■ Action item ■
Look below for the line that contains "邹依依在分享中指出,校宝基于", then copy it and each following line to the end of the records, minus any pictures.
┄┄┄┄┄┄
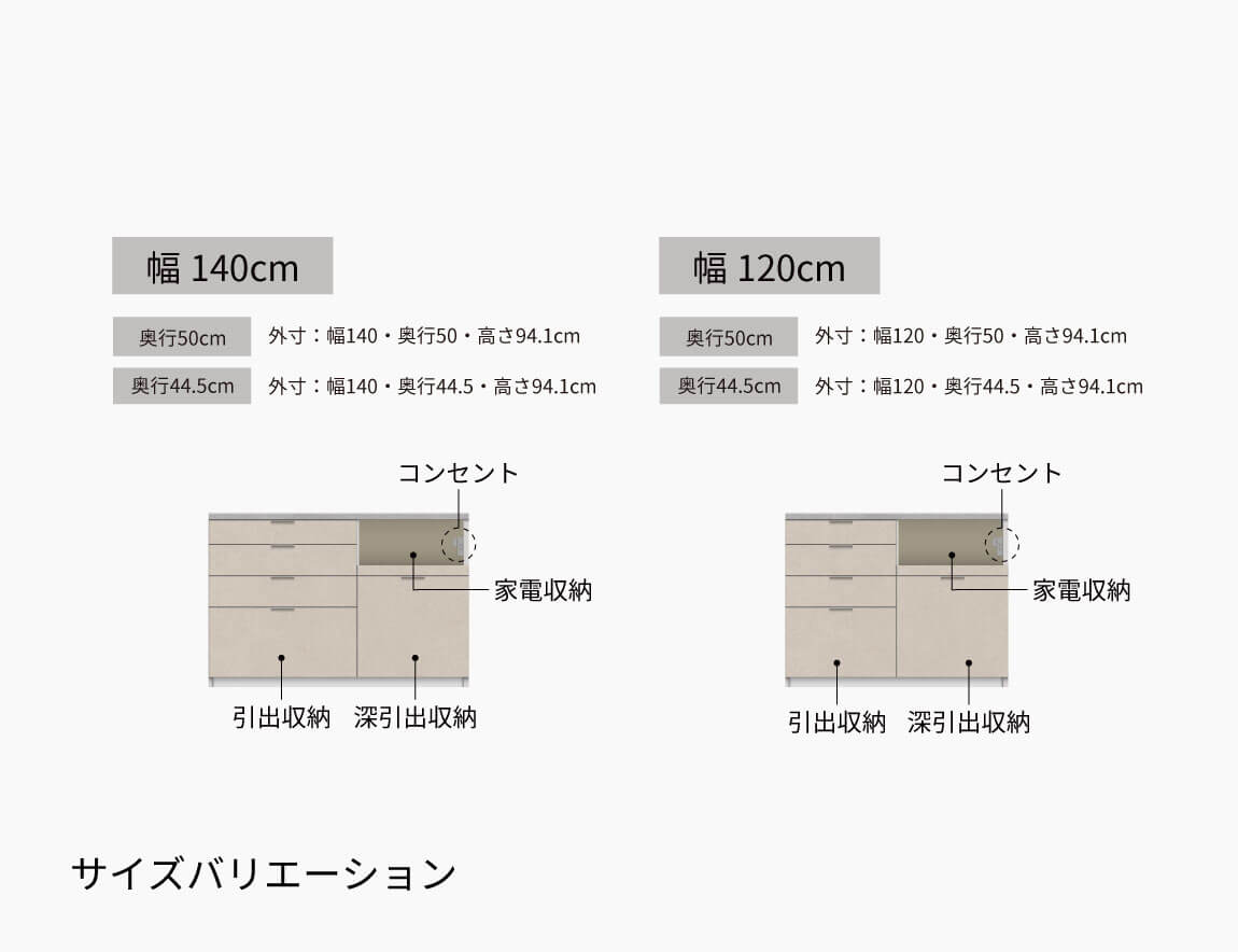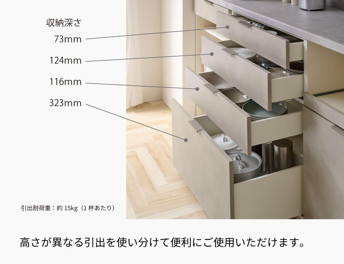 高さが異なる大中小の引出は収納の使い分けがしやすく、広く引き出せるので、奥の収納物まで見渡せます。
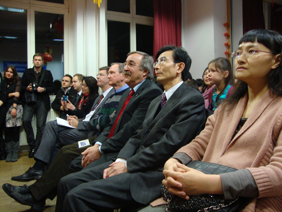 “悠悠中国风,浓浓中国情”使热情的观众沉浸在一片欢乐中,也激起杜伊斯堡市市长曼弗雷德•奥森格先生(Manfred Osenger)的演讲激情,他在新春致辞中说,他非常感谢在杜伊斯堡-埃森大学学习的两千多中国学生、学者以及华人华侨,是他们给杜伊斯堡带来了古老的中华文化,要借此机会向大家致以中国蛇年春节的新春祝福。市长先生回顾了1982年以来杜伊斯堡作为第一座与中国建立友好城市关系的德国城市,30年来与友好城市武汉的关系日益密切,特别是2009年杜伊斯堡—埃森大学和武汉大学合作建立的鲁尔都市孔子学院将双边的交流和合作水平推向了一个新的高度。他高度赞扬孔子学院三年多来所作的不懈努力和所取得的丰硕成果。三年来,市政府为鲁尔都市孔子学院提供了办公场所,并承诺将继续对孔子学院给予更强有力的支持,以促进德中双方未来的合作与交流。
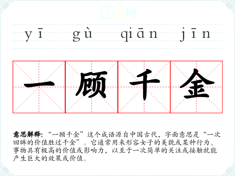“一顾千金”这个成语源自**古代,字面意思是“一次回眸的价值胜过千金”。它通常用来形容女子的美貌或某种行为、事物具有极高的价值或影响力,以至于一次简单的关注或接触就能产生巨大的效果或价值。
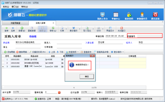 歡迎下載試用可以設置單據編號在保存或者審核時可以生成的管理軟件:信管飛倉庫管理軟件
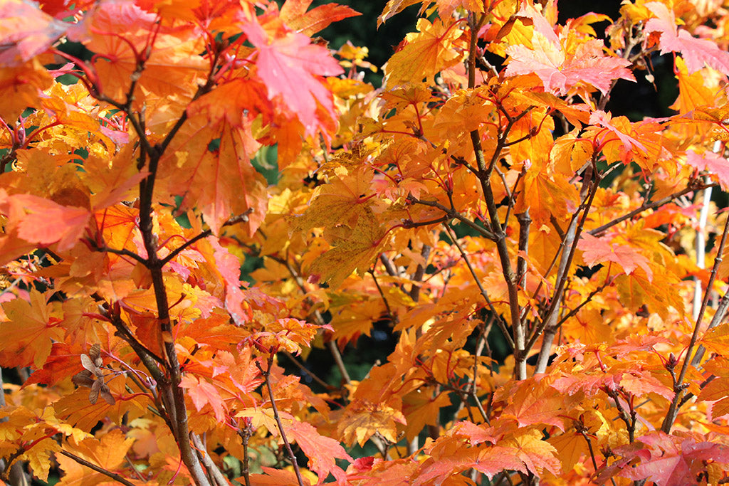 "Vitifolium" is a bold Japanese maple with large, grape-like leaves that turn fiery shades of orange and red in autumn. Perfect for garden highlights or containers, it offers dramatic seasonal color and a lush, textured look.
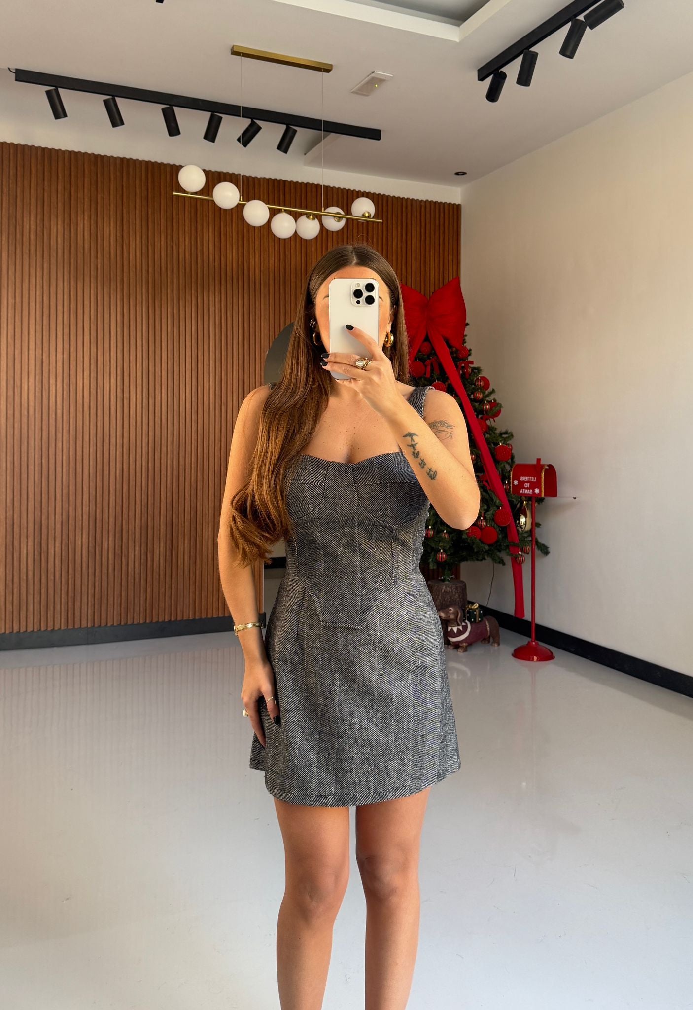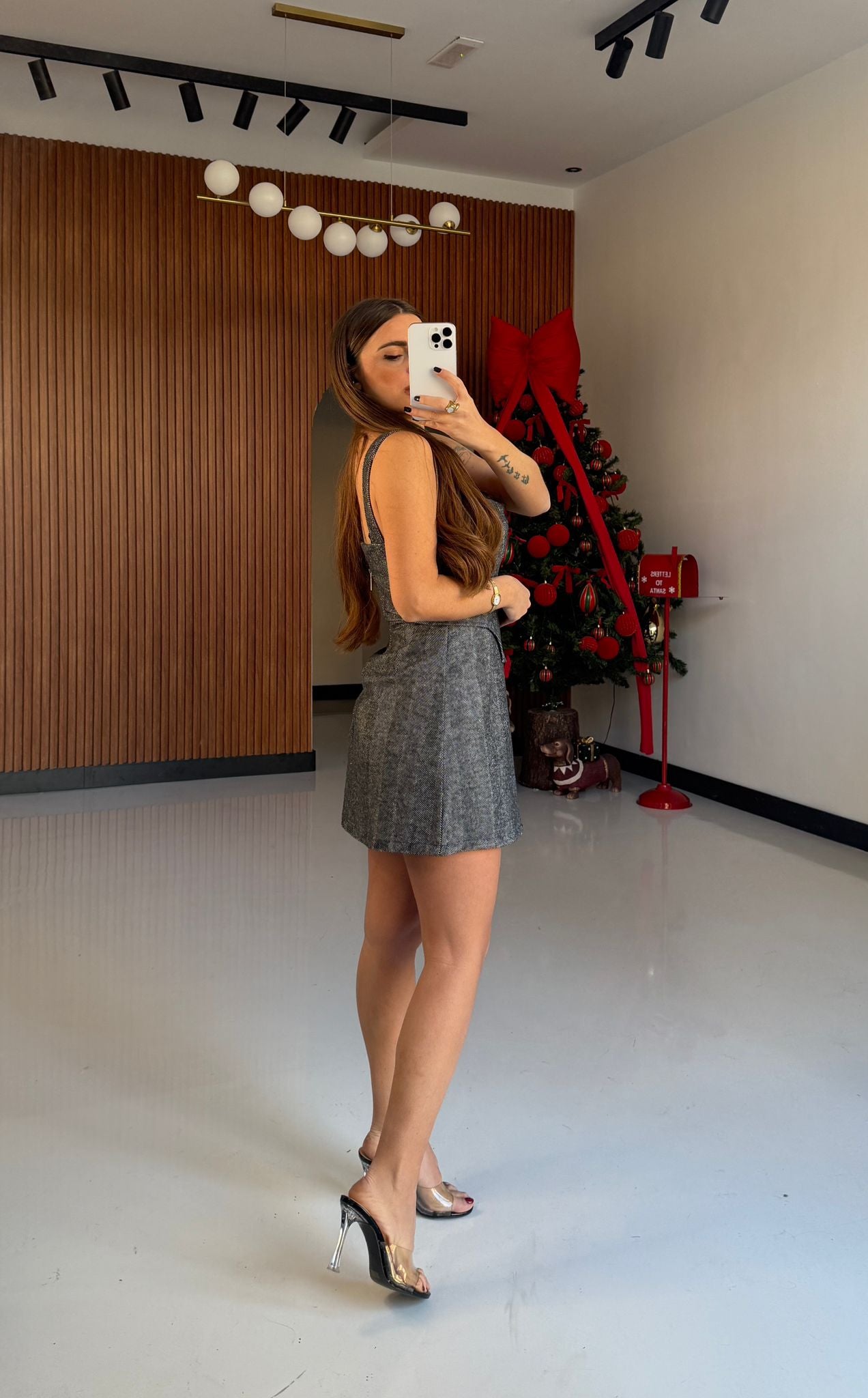 Coordinato da donna in tessuto franella composto da top con coppe imbottite e chiusura zip sul retro e gonna vita alta con chiusura in zip laterale, veste regolarmente la propria taglia e la modella indossa taglia S
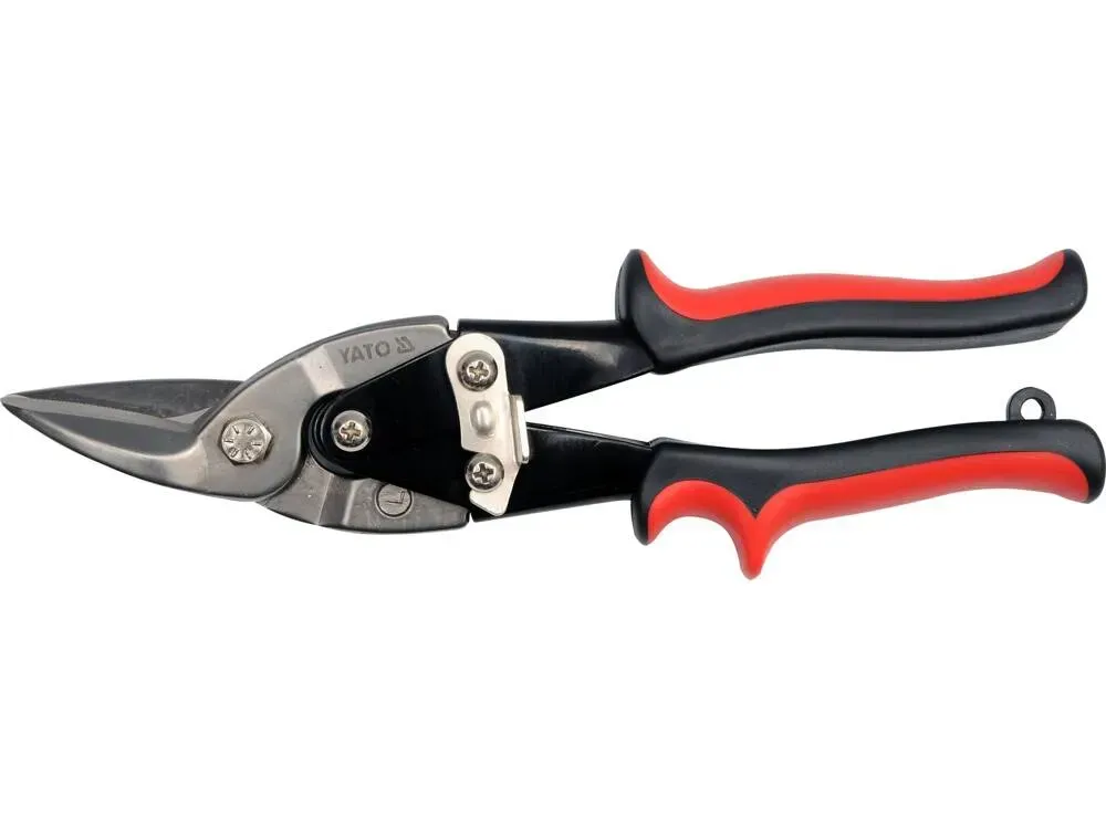 Ножиці для різання листового металу YATO YT-1960, ковані із хромомолібденової сталі. Індукційно загартований корпус до 46-52 HRC та ріжучі губки до 56-62 HRC. Це дозволяє вільно різати сталеві листи завтовшки до 1,5 мм. Ручки ножиць закриті пластиковими ковпачками.
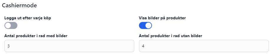 Inställningar för att styra hur cashiermode läget visuellt ska se ut, samt om man vill att kassören loggas ut efter varje köp eller inte beroende på vart man nyttjar cashiermode läget ifrån för extra säkerhet så ingen obehörig kommer åt cashiermode på mobilen/ipaden/annan enhet där kassören är inloggad.
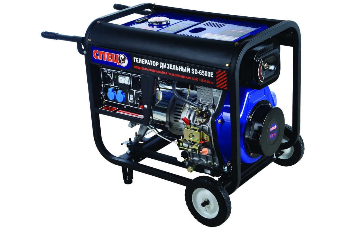 Дизельный генератор СПЕЦ SD-6500Е оснащен четырехтактным двигателем высокой мощности. Изделие можно применять в качестве основного или вспомогательного источника энергии для подпитки:
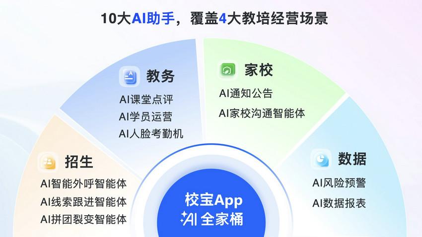 邹依依在分享中指出,校宝基于海量教培数据、开放大模型对接能力及深厚的互联网研发积淀,推出“AI全家桶”智能化运营综合解决方案。该方案在招生、教务、家校、数据四大核心场景中落地十大AI助手,已在实际应用中验证效果,能够系统性解决机构80%的经营难题。所有AI助手基于统一数据底层协同作业,形成“运营产生数据—数据驱动决策—决策优化运营”的智能闭环。这一架构突破了单点AI工具的局限,为教培行业提供了首个真正意义上的全局智能化解决方案。
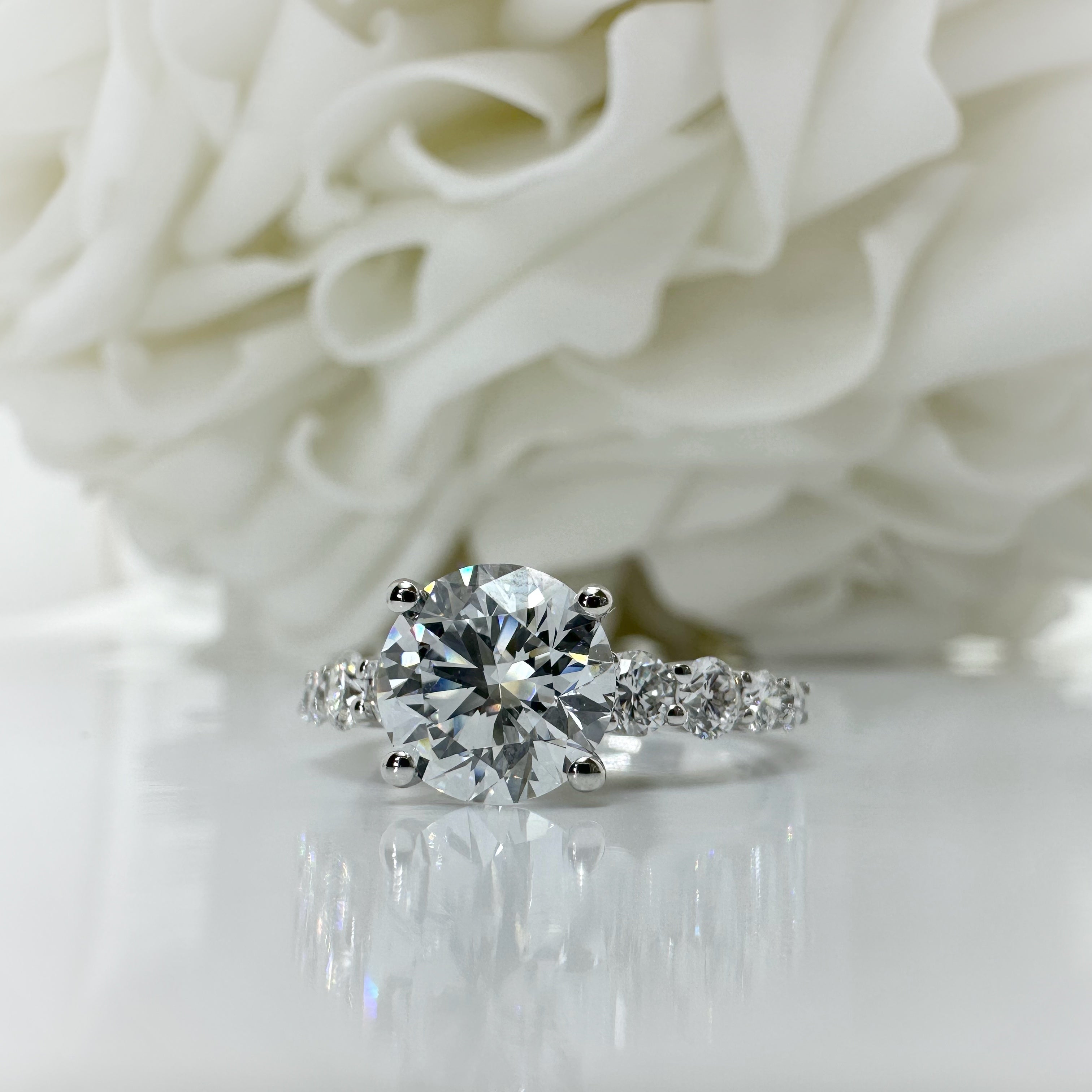 Go to the shop14k white gold engagement ring with 9 round brilliant lab grown diamonds.
┄┄┄┄┄┄
■ Exercise solution ■
 邹依依在分享中指出,校宝基于海量教培数据、开放大模型对接能力及深厚的互联网研发积淀,推出“AI全家桶”智能化运营综合解决方案。该方案在招生、教务、家校、数据四大核心场景中落地十大AI助手,已在实际应用中验证效果,能够系统性解决机构80%的经营难题。所有AI助手基于统一数据底层协同作业,形成“运营产生数据—数据驱动决策—决策优化运营”的智能闭环。这一架构突破了单点AI工具的局限,为教培行业提供了首个真正意义上的全局智能化解决方案。
 Go to the shop14k white gold engagement ring with 9 round brilliant lab grown diamonds.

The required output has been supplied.